On a road with no parked cars and empty or quiet pavements, I will usually overtake a cyclist at whatever speed I was doing before. However, if this places me over the centre white line, I will slow down a little, and I will make sure there are no large vehicles or motorcycles coming in the opposite direction (and if possible, that there are no cyclists being overtaken on that side of the road as well).
On a road with parked cars or busy pavements, however, I will wait until I can see that I can overtake the cyclist safely, and if that means crawling 5 miles along the same road at 15mph, so be it. When there are parked cars, you need to leave sufficient space that if someone suddenly opens a car door and the cyclist has to swerve, you can still swerve around them. Same with busy pavements - there may be small children or dogs, or just idiots who step into the road.
OP, never ever overtake a cyclist because a driver behind gets annoyed. If it happens every time you're stuck behind a cyclist, maybe see if an instructor can give you a couple of sessions in a cyclist-heavy area? But if it's once or twice, even if you feel flustereed every time, do NOT give in to the pressure from other drivers, because it will end badly, and "he used his horn so I thought I had to go" won't be helpful in an insurance claim!

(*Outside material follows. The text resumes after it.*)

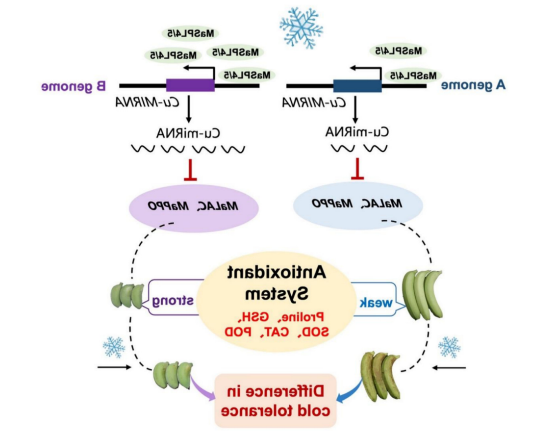 基于以上研究,团队提出了Cu-miRNA介导AAA与ABB品种香蕉果实耐冷性差异的假说机制。在冷胁迫下,相较于AAA型果实,ABB型果实中MaSPLs明显上调表达,且MaSPLs对B基因组上Cu-MIRNA启动子的转录激活作用更强,从而诱导更高丰度的Cu-miRNA积累,相应下调其靶基因表达,参与调控氧化还原稳态,通过提升果实抗氧化能力,最终增强果实耐冷性。

I've never had this pressure overtaking cyclists before, but I've had temporary traffic lights placed so that the traffic in the opposite dicrection usually back up BEYOND the entrance when it was rush hour, and I had to sit through THREE green lights once before it was clear AND green and I could go. So many people were tooting their horns, but if I had gone, I would have caused a crash, or blocked up the traffic in both directions, because there was no way that traffic from the other direction would see me if I went on my red light (their green) until it was too late! As proven by the two idiots who overtook me at the same lights a couple of days later (well into the red light, when they could have seen the oncoming traffic very clearly) and mercifully avoided a crash but ending up reversing very slowly to numerous car horns from either direction of traffic - if there had been a police officer present, no doubt they would have been taken aside!